Zarywasz noc przed sprawdzianem. Właściwie to już trzecia w tym tygodniu - w końcu materiał jest obszerny. Twoje pióro przy blasku księżyca skrobie po fiszkach, których stos piętrzy się na biurku. “Ale ja jestem świetnym uczniem” - schlebiasz sobie pod nosem. Następnego dnia przychodzisz niewyspany, po śniadaniu w pobliskim fast-foodzie, a wejście po schodach doprowadza Cię do zadyszki. Nie wiesz, co wokół Ciebie się dzieje. Okazuje się, że ten przystojny wioślarz z ławki obok w lajkrze znowu zdobył wyższą ocenę, a w dodatku ma wielkie bicepsy. “Jak on to robi?!” - frustrujesz się, ziewając.

Mam wrażenie, że wielu ludzi nie dostrzega tego, z jak wielu elementów składa się skuteczna nauka. Może zarywanie nocy jest o rząd wielkości prostsze?
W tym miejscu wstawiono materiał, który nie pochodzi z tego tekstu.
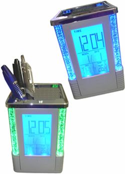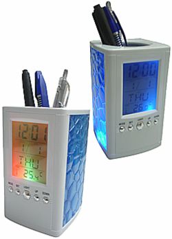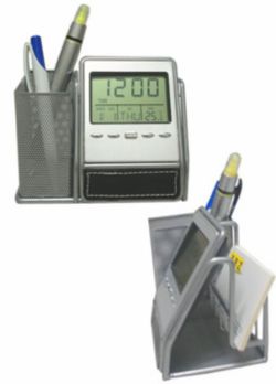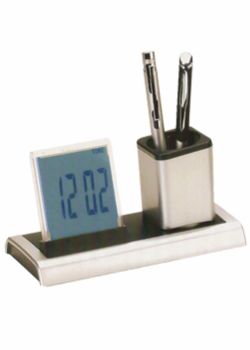Relógio LCD com Porta Caneta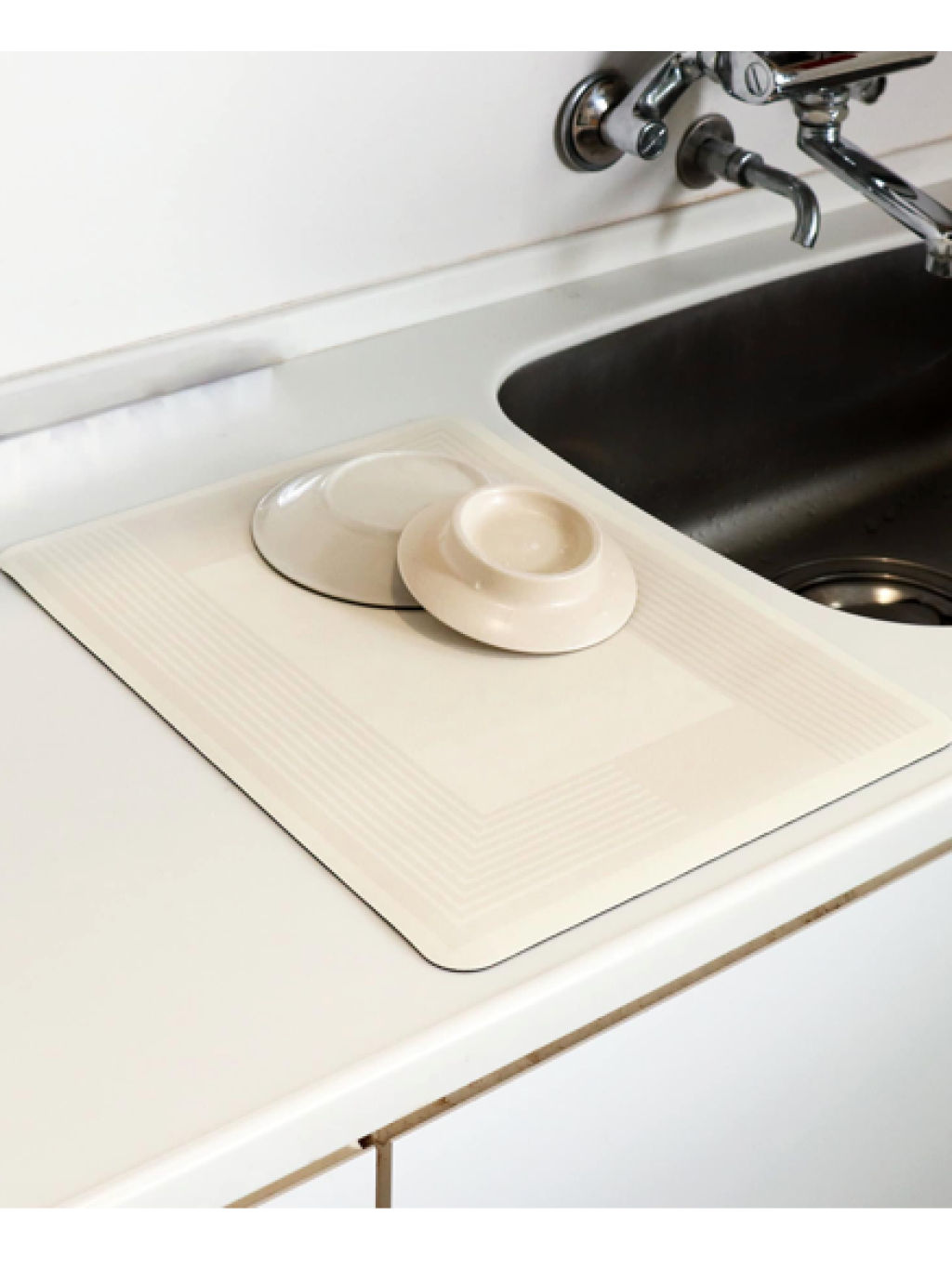●展開吸水墊,將洗完的餐具等放在墊子上,吸收水分。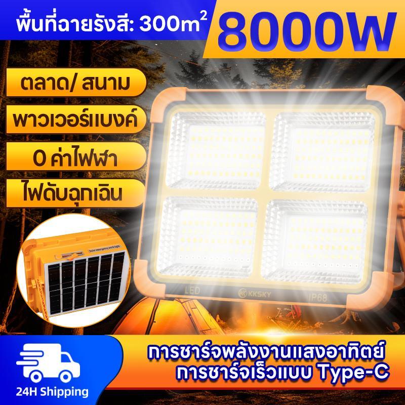KING ไฟโซล่าเซลล์ 1แถม1 8000W ไฟฉุกเฉิน สปอตไลท์พกพา ไฟพกพาอเนกประสง Solar light ไฟฉุกเฉินในบ้าน กันน้ำ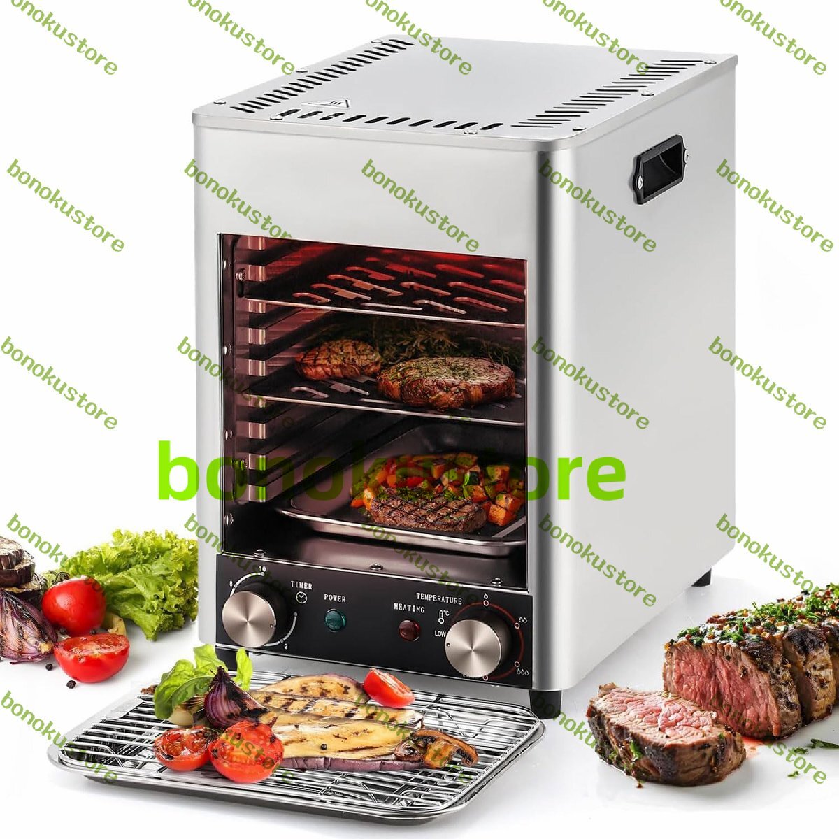 1700W業務用屋内ステーキグリル、8層ポータブル無煙ステーキマシン、100?800℃温度調節可能、10分タイマー、ステーキ、ラムチョップ、グリルチキン、グリル魚、野菜、果物用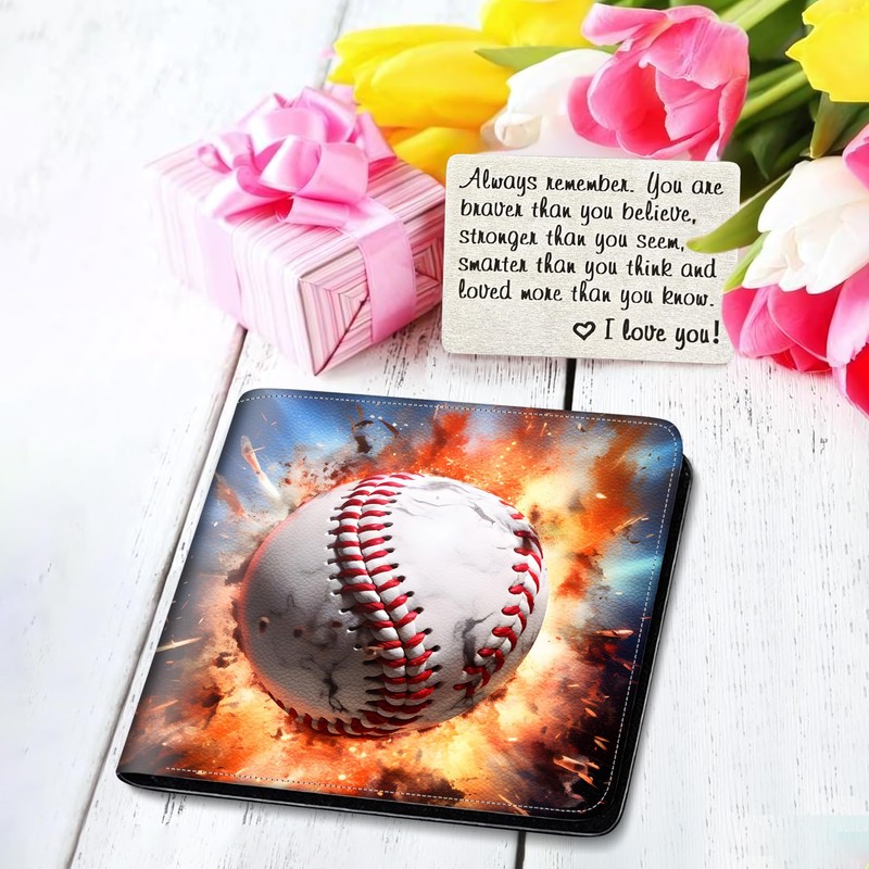 Boys Wallet for Kids, Teen Boy Baseball Wallets 9-12 8-10 8-12, Cool Novelty Leather Bifold Rfid Blocking Purse Coin Pocket Zipper Id Window for Children Men Male Youth Guys Birthday Christmas Gifts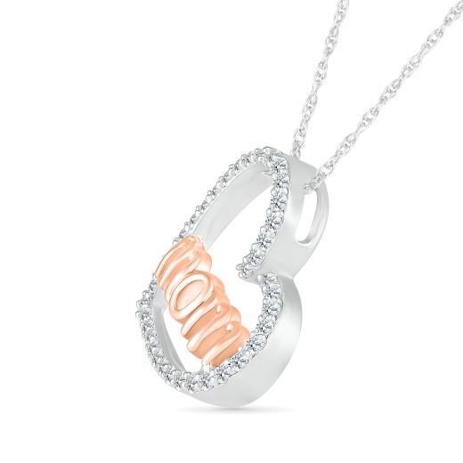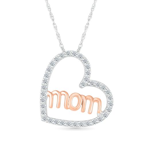 This pendant is a heartfelt tribute, featuring a heart-shaped design crafted in sterling silver, adorned with the word "Mom" in lustrous 10K rose gold. The 0.29 carats of diamonds add a touch of brilliance, creating a piece that symbolizes the enduring and unconditional love of a mother. Suspended from a delicate sterling silver chain, this pendant is a meaningful and versatile accessory for various occasions. Whether you're expressing your love or gifting it to a special mom in your life, let the Sterling Silver & 10K Rose Gold Diamond Mom Heart Pendant be a radiant reminder of the warmth and beauty of maternal love.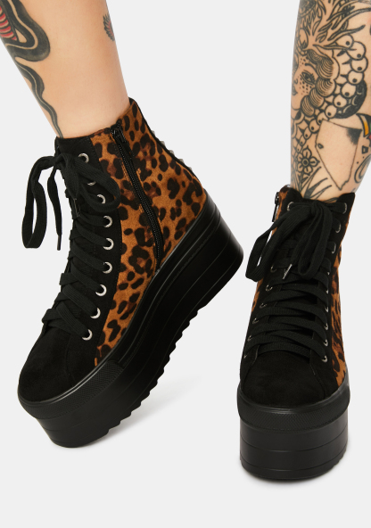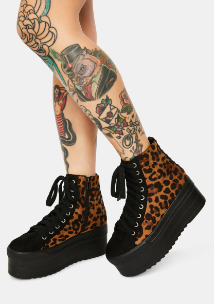 Sway This Way Leopard Flatform Sneakers cuz we’re gonna dance the night away! These sneakers feature a platform sole, leopard print upper, an inner ankle zip closure, a lace up front, and metallic studs up the heel.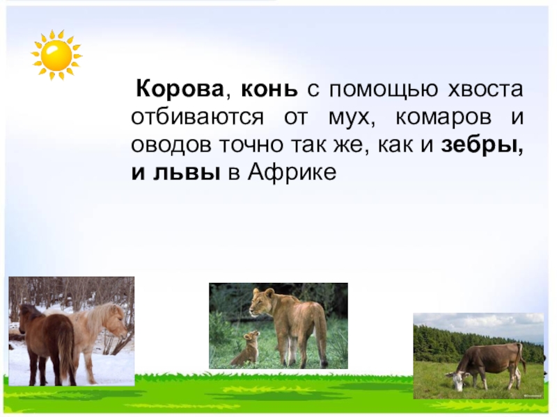 Слайд 26 Корова, конь с помощью хвоста отбиваются от мух, комаров и

Sensowna dieta, odpowiednia ilość i jakość snu oraz aktywność fizyczna absolutnie nie są bez znaczenia i na dłuższą metę przyczynią się do znacznego podniesienia poziomu życia, w tym również łatwości, z jaką przychodzi nauka. Doskonale wiedzą o tym uczniowie ALO PWr, którzy są wioślarzami i osiągają ogromne sukcesy w skali kraju.

Ale jak to, macie w ogóle czas na naukę?

Szymon: Pewnie! Trenuję wioślarstwo od dwóch lat, aktualnie jest to 5 razy w tygodniu po ok. 1,5 h i jeszcze nigdy nie było tak, że zabrakło mi na coś czasu. A przecież nie jest to moje jedyne zainteresowanie, bo w wolnym czasie np. programuję. Kluczem jest chyba organizacja, która po prostu przychodzi sama. Poza tym zauważyłem, że dzięki regularnemu wysiłkowi fizycznemu wiele rzeczy w życiu przychodzi mi znacznie łatwiej.

Maks: Szymon jest też absolwentem nieistniejącego już Gimnazjum PWr i laureatem zDolnego Ślązaka z fizyki, chemii oraz finalistą z geografii i biologii. Aktualnie ma jedną z najwyższych średnich w szkole. Tak na marginesie, średnia ocen wioślarzy jest grubo powyżej średniej szkoły i to nie wygląda na przypadek.

Brzmi super! Na czym właściwie polega ten sport?

Kuba: Wioślarstwo to sport wodny - ścigamy się na łódkach z użyciem siły naszych mięśni i wioseł. Są różne rodzaje łodzi w zależności od liczby osób w osadzie i każda ściga się we własnej kategorii. Dzielą się one również na wiosła krótkie (wtedy zawodnik ma je dwa) i długie (kiedy wykorzystuje jedno). Standardowy dystans regatowy to 2 km, czyli około 7 minut. Brzmi to banalnie, ale cały sezon mocno trenujemy, aby osiągnąć jak najlepszy wynik. Wioślarstwo wymaga ogromnej wytrzymałości, ale tak naprawdę potrzebna jest również spora siła i szybkość. Całą zimę trenujemy na ergometrach, basenie i siłowni, za to latem doskonalimy technikę na wodzie. Często możecie zobaczyć nas na Odrze.

Jak zaczęliście trenować?

Gert: W ALO trzeba wybrać fakultet na wuefie i ja, zresztą tak jak inni chłopacy, wybrałem właśnie wioślarstwo. Na zajęciach się okazało, że mam predyspozycje, całkiem dobrze mi to wychodzi i prof. Szymerowski zaprosił mnie wraz z innymi na trening na wodzie w klubie AZS Wratislavia. Dalej już samo wyszło… Macie po treningach jeszcze siłę na cokolwiek?

Maks: Mit, że po treningu jest się całkiem zmęczonym i wyczerpanym na cały dzień to jakaś totalna bzdura. Wysiłek fizyczny, szczególnie ten w zakresie tlenowym, sprawia, że przez cały dzień lepiej się myśli i poprawia samopoczucie. Nie ma nic lepszego niż rano wpaść na 30 minut ergometru, a potem lecieć na finał Olimpiady Statystycznej! Najgorzej tylko jest z jedzeniem, bo spalamy ogromną ilość kalorii i musimy spożywać potężną ilość pożywienia, żeby do tego jeszcze rosnąć. Momentami wychodzi jakieś 4000 kalorii dziennie, dlatego ciągle coś jemy.

Szymon: Ja nie ruszam się z domu bez pudełka z makaronem.

Tekst został opublikowany w wydaniu specjalnym Politechnika Juniora na Dzień Otwarty ALO.